WHAT IS EXPECTED → Exactly as written, return every line of the data below apart from the pictures.

INPUT DATA →
--*--
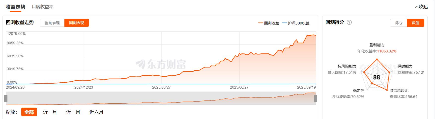 给大家看看过拟合策略是多么的恐怖!一年一百多倍,76的胜率17.5的回撤,实际跑
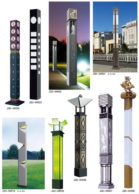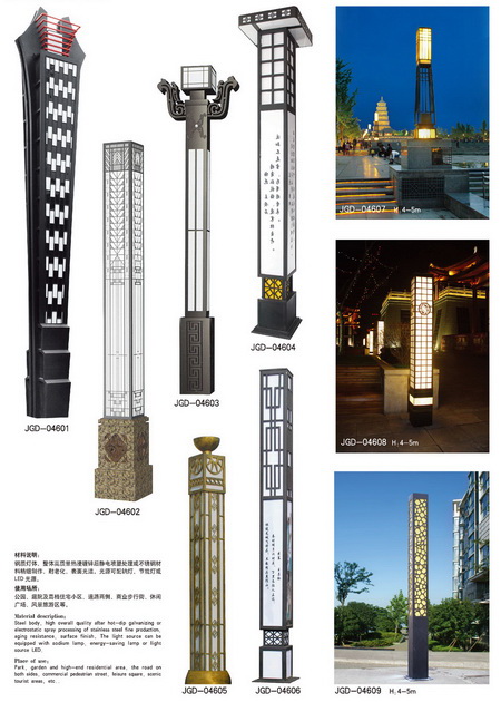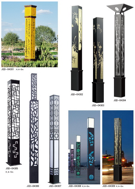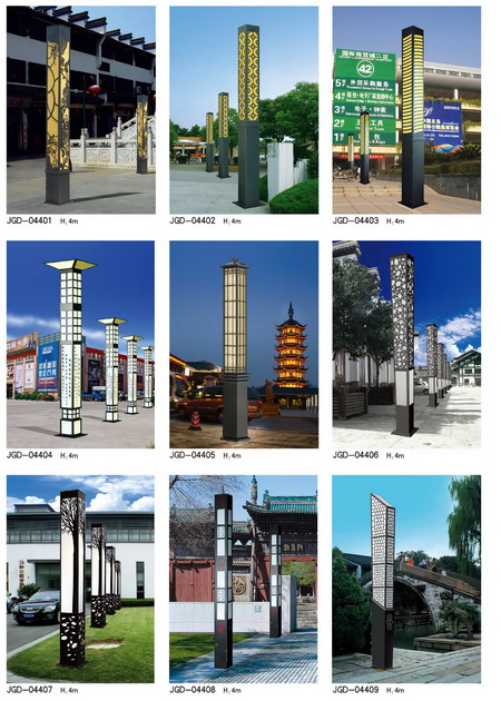 景觀燈分類:城市標志性景觀燈、仿古景觀燈、鏤空現代景觀燈、不銹鋼景觀燈、藝術造型景觀燈等
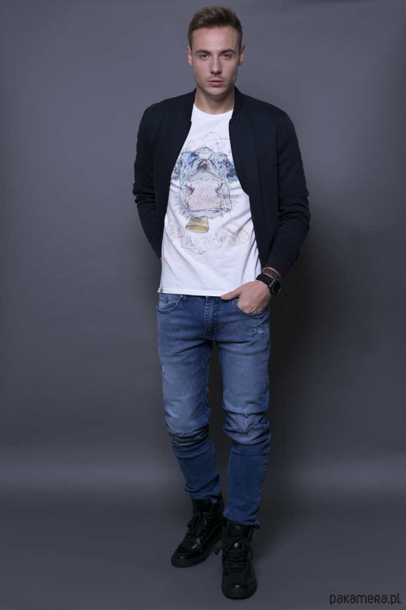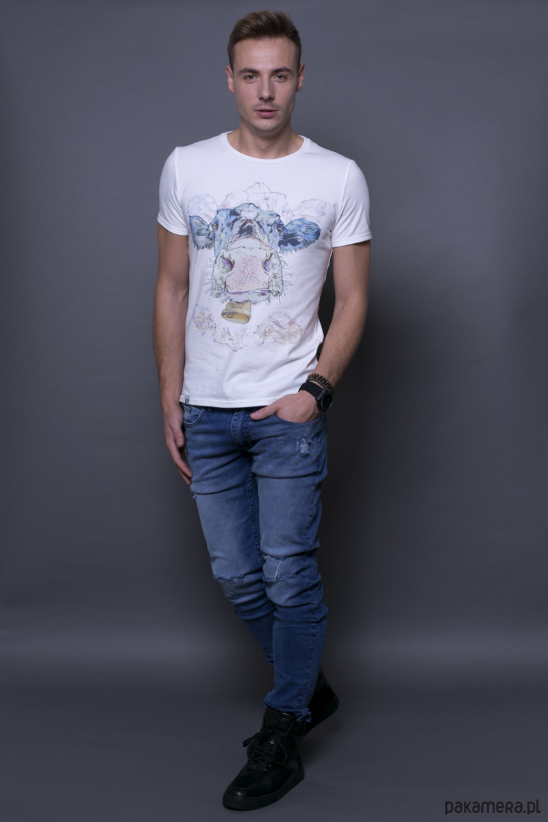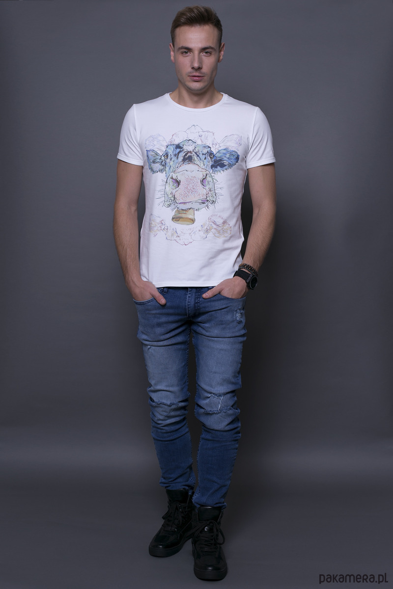 Doskonałej jakości bawełniany T-shirt z osobliwym nadrukiem. Zastosowany materiał oraz krój zapewniają komfort noszenia i niepowtarzalny wygląd.
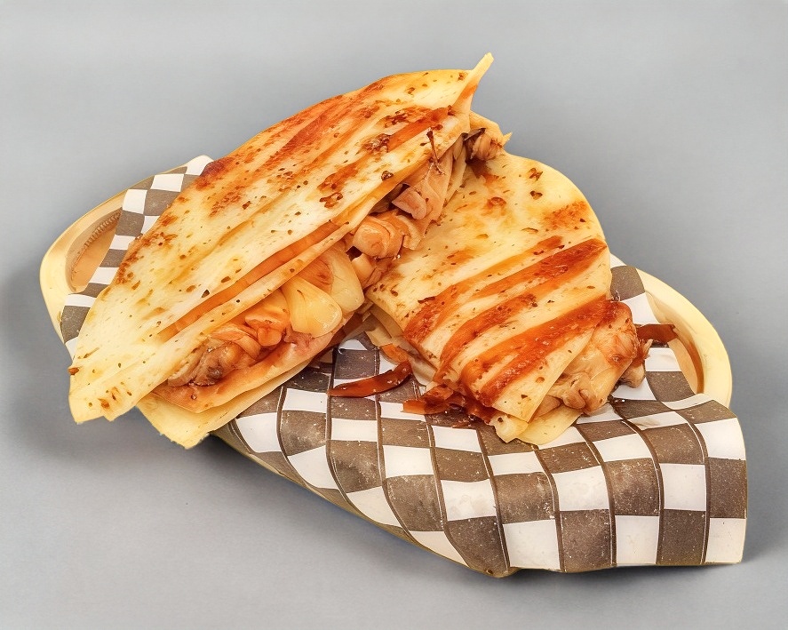 Tortilla de harina, pastor estilo brothers y sazonada, quesillo y bañada en salsa BBQ
--*--
WRITTEN REPLY →
 给大家看看过拟合策略是多么的恐怖!一年一百多倍,76的胜率17.5的回撤,实际跑
 景觀燈分類:城市標志性景觀燈、仿古景觀燈、鏤空現代景觀燈、不銹鋼景觀燈、藝術造型景觀燈等
 Doskonałej jakości bawełniany T-shirt z osobliwym nadrukiem. Zastosowany materiał oraz krój zapewniają komfort noszenia i niepowtarzalny wygląd.
 Tortilla de harina, pastor estilo brothers y sazonada, quesillo y bañada en salsa BBQ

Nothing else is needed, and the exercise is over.